Some fear that AI will strip away human warmth, reducing services to cold efficiency. Others see a future where it enhances personalisation and creates more meaningful interactions. The reality depends on how we design this interplay and how we embed AI both as a partner and a participant in the services we create.
In 2025, AI is moving beyond theoretical discussions. Enterprises are embedding AI into customer journeys, supply chains, and internal processes, not just to automate, but to augment. The question is no longer if AI will transform service design, but how we ensure it enhances human experiences while also integrating AI as a participant in its own right.
This edition of ShiftAcademy explores AI-augmented service design, breaking it down into three levels:
Optimising Existing Services – AI for improving efficiency and reducing friction.

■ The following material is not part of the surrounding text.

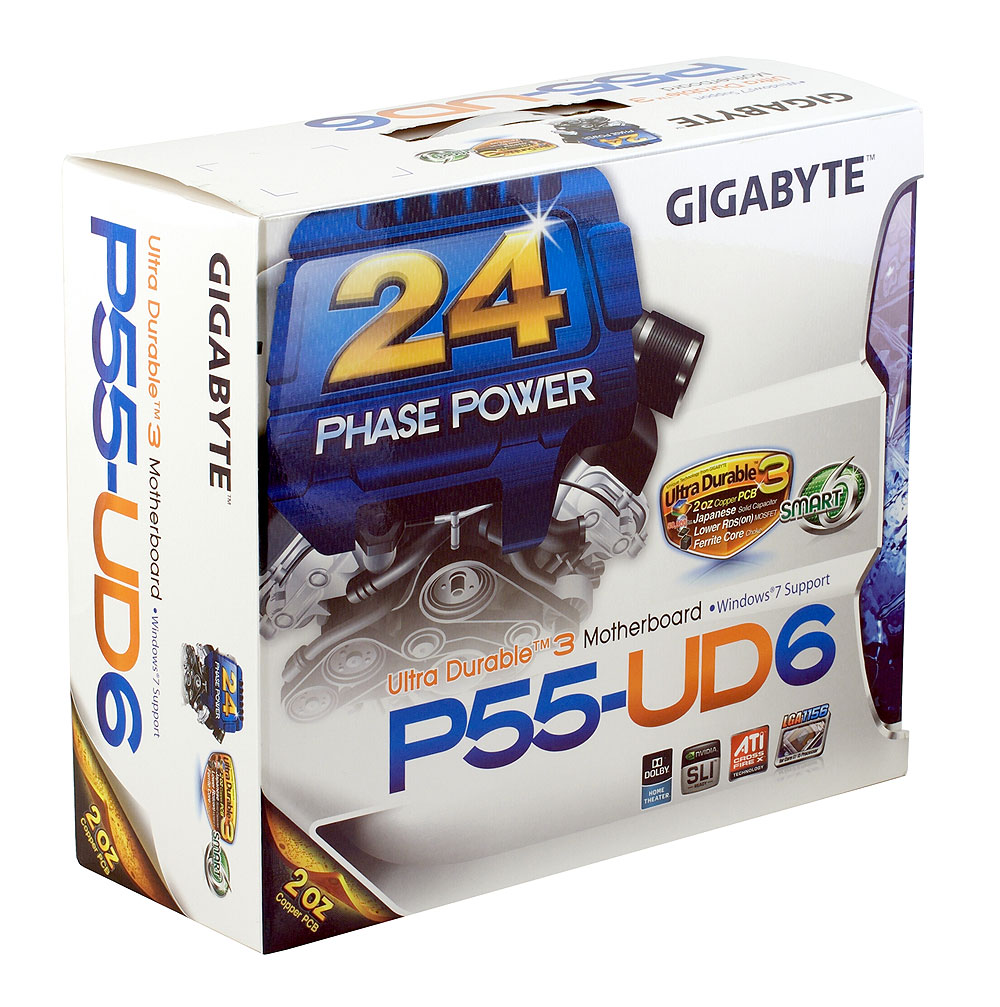 На первый взгляд, Gigabyte P55-UD6 больше всего напоминает не скромную трудягу среднего уровня для массовой платформы, а экстремальные модели на чипсете Х58 для процессоров в исполнении LGA1366 — как минимум, уровня EX58-UD5 того же производителя. Особенно на такие мысли наводит наличие трех слотов PCIEx16 и шести (!) слотов для памяти. Изначально планировалось снабдить данную модель поддержкой SATA600, однако из-за проблем с контроллером Marvell в последний момент от этой заманчивой идеи пришлось отказаться. Но и то, что осталось, достойно топового статуса — 10 портов SATA плюс еще 2 eSATA (что, кстати, для плат Gigabyte почти в новинку — долгое время даже на топовых моделях полноценная реализация eSATA отсутствовала), трехпортовый контроллер FireWire на чипе от Texas Instruments, два гигабитных сетевых контроллера, мощная система охлаждения из четырех радиаторов, связанных тепловой трубкой и т. п. Казалось бы — покупателю больше нечего желать. На самом деле, к сожалению, задействовать абсолютно все возможности платы одновременно не удастся, а часть их вполне может остаться невостребованной в принципе. Но обо всем по порядку.

Enhancing Service Experience – AI for hyper-personalisation and adaptive interactions.
Reimagining Service Models – AI as a co-designer, shaping entirely new service paradigms.

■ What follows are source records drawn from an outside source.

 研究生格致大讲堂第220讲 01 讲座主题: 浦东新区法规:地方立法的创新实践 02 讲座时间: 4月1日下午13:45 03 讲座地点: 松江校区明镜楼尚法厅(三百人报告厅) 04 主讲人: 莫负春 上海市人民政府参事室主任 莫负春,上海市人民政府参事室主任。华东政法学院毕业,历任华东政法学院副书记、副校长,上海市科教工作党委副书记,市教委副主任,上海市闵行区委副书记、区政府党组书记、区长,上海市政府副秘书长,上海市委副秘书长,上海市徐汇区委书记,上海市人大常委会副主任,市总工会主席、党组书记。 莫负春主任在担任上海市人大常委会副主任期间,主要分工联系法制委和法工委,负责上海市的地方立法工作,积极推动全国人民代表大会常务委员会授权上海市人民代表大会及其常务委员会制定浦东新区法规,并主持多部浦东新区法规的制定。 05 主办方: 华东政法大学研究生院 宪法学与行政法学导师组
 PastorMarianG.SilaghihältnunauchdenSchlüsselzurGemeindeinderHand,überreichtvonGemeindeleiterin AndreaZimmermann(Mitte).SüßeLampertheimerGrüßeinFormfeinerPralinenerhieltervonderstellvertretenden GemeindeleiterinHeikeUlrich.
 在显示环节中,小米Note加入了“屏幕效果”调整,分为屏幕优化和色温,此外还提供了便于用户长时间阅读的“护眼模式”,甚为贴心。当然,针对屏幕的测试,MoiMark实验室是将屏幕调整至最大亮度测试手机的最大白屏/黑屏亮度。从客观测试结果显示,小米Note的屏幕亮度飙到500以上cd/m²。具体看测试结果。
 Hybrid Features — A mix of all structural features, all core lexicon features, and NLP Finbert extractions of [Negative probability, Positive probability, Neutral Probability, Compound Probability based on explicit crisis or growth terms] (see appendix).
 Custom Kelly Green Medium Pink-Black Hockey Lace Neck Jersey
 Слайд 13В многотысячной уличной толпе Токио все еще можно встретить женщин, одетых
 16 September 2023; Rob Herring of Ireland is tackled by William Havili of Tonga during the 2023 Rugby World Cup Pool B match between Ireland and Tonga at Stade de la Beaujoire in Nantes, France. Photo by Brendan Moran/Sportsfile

For many organisations, the first step in AI-enhanced service design is not reinvention, but optimisation. Before we create new models, we can use AI to refine the services we already deliver - reducing friction, improving reliability, and unlocking efficiencies at scale.
Traditionally, service optimisation has relied on human-driven process improvement: analysing workflows, identifying bottlenecks, and incrementally refining operations. But AI changes the game. Machine learning models can surface inefficiencies in real-time, predictive analytics can anticipate service disruptions before they happen, and intelligent automation can streamline complex multi-step processes.
At this level, AI acts as an efficiency engine, improving service operations in three core ways:
Reducing Friction – AI helps eliminate pain points in service delivery, from slow customer response times to manual back-office tasks.
Predicting and Preventing – AI anticipates service failures or bottlenecks, enabling proactive rather than reactive interventions.
Enhancing Responsiveness – AI-driven systems enable real-time adjustments, ensuring services dynamically adapt to demand and context.
🎯 Scenario: AI-Driven Service Recovery
One of the most powerful applications of AI in service design is predicting service disruptions before they impact users and dynamically adjusting in response.
💼 Case Study: AI-Powered Incident Resolution in IT Support
Fujitsu, a global tech services provider, used ServiceNow’s Predictive Intelligence to shift from reactive to proactive IT support. By analysing historical incidents and real-time data, their AI system could:
Auto-categorise and route service requests
Detect early warning signs of disruption
Trigger alerts or initiate auto-remediation before users noticed issues
This approach significantly reduced manual triage, improved first-contact resolution, and enabled faster response times.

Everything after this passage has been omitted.